Simplify −4(7b+3)+24b−8 .
Simplifying the expression, we have:
−4(7b+3)+24b−8
Distributing the -4 to each term inside the parentheses:
-28b - 12 + 24b - 8
Combining like terms:
(-28b + 24b) + (-12 - 8)
-4b + (-20)
Combining like terms:
-4b - 20
So, −4(7b+3)+24b−8 simplifies to -4b - 20.
To simplify the expression −4(7b+3)+24b−8, we will follow the order of operations.
Step 1: Simplify the expression inside the parentheses first.
-4(7b+3) becomes -4(7b) + -4(3).
Simplifying further, we have -28b -12.
Step 2: Distribute the -4 to both terms inside the parentheses.
So, -4(7b+3) becomes -28b -12.
Step 3: Combine like terms.
Combining -28b -12 with 24b - 8, we have: (-28b + 24b) + (-12 - 8).
Simplifying further, we get -4b - 20.
Therefore, the simplified expression is -4b - 20.

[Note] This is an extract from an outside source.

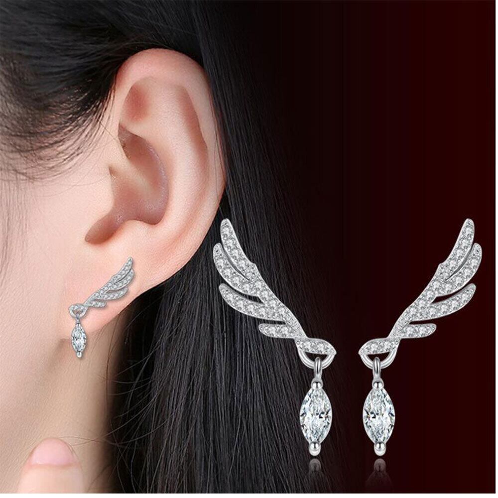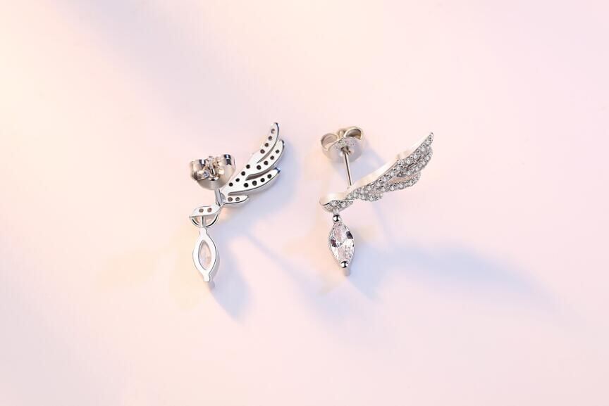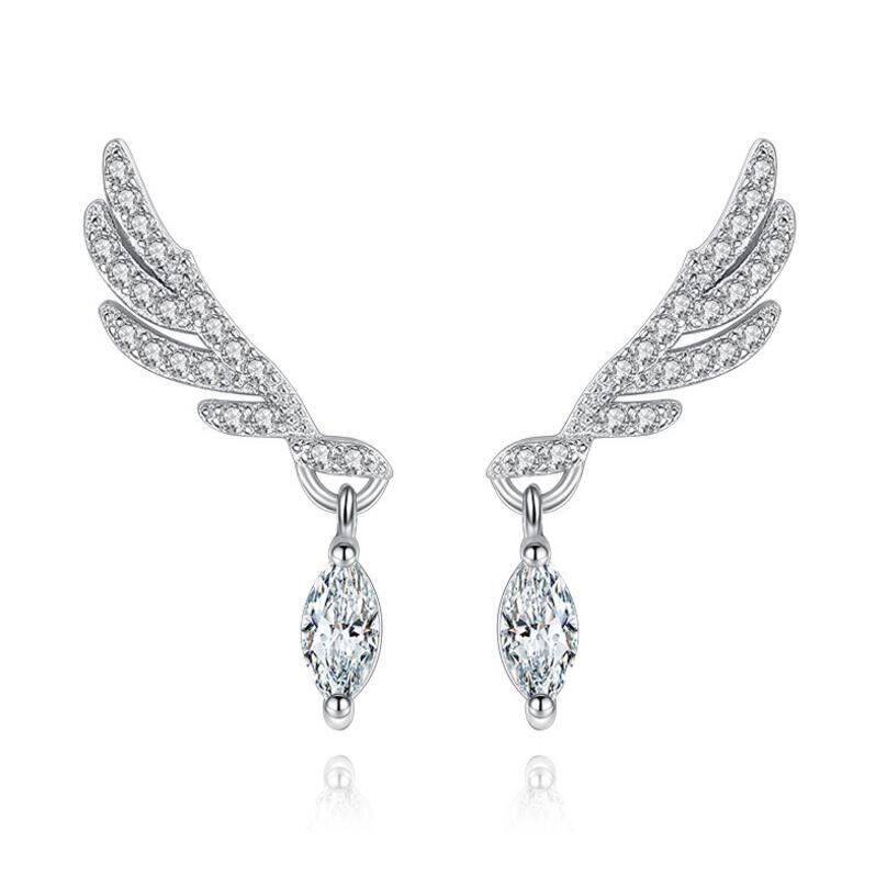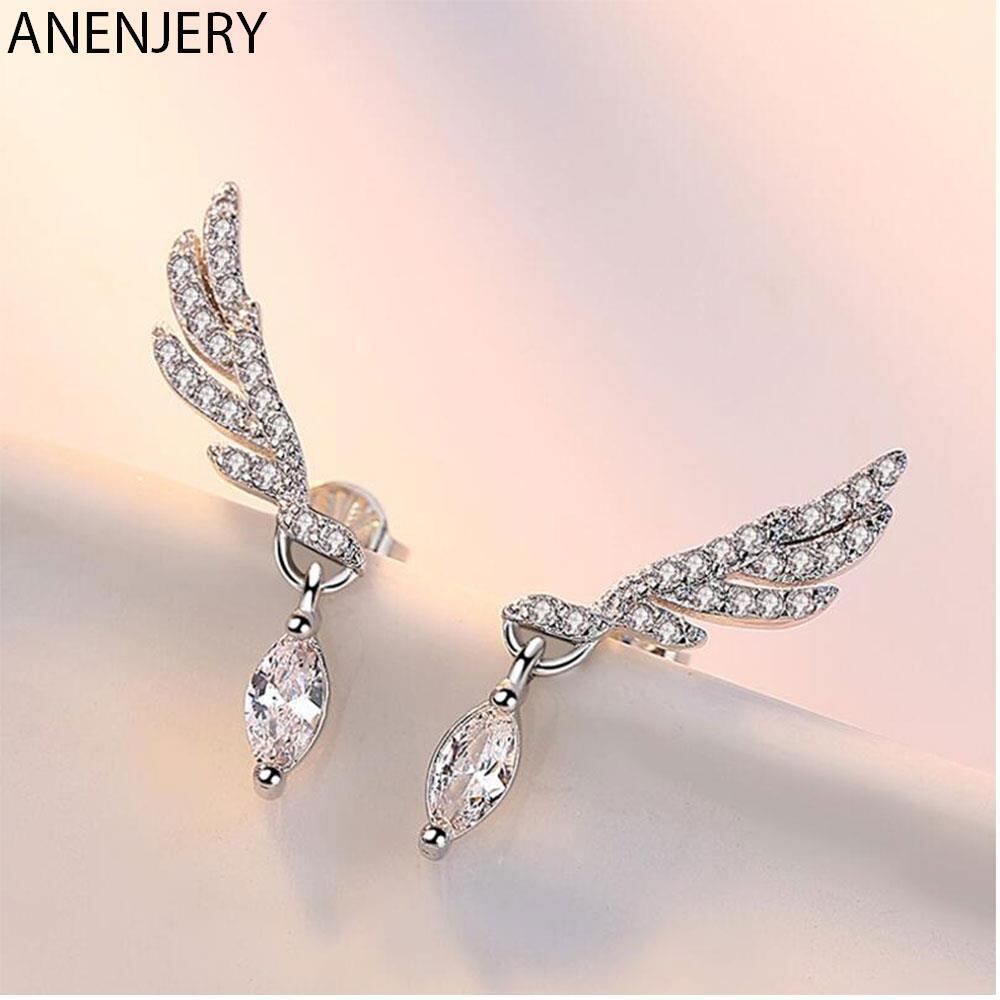 送料無料 ANENJERYシルバーカラーアングルウィングフェザーイヤリングウォータージルコンレディースウェディングクリスマスジュエリーS-E268 指輪 銀 アクセサリー AE165535138972308

To simplify the given expression, you need to apply the distributive property and combine like terms. Here's how you can do it step by step:
1. Start by applying the distributive property to the first term, which is −4 multiplied by the expression (7b+3).
-4(7b+3) = -4 * 7b + (-4) * 3
Simplifying further: -28b - 12
2. Now, let's write down the entire expression with the simplified first term:
-28b - 12 + 24b - 8
3. Next, combine the like terms. In this case, the like terms are the terms with the variable 'b'. Combine the terms -28b and 24b:
-28b + 24b = -4b
4. Now, write down the entire expression with the combined 'b' terms:
-4b - 12 - 8
5. Finally, combine the constant terms -12 and -8:
-12 - 8 = -20
Therefore, the simplified form of the expression −4(7b+3)+24b−8 is -4b - 20.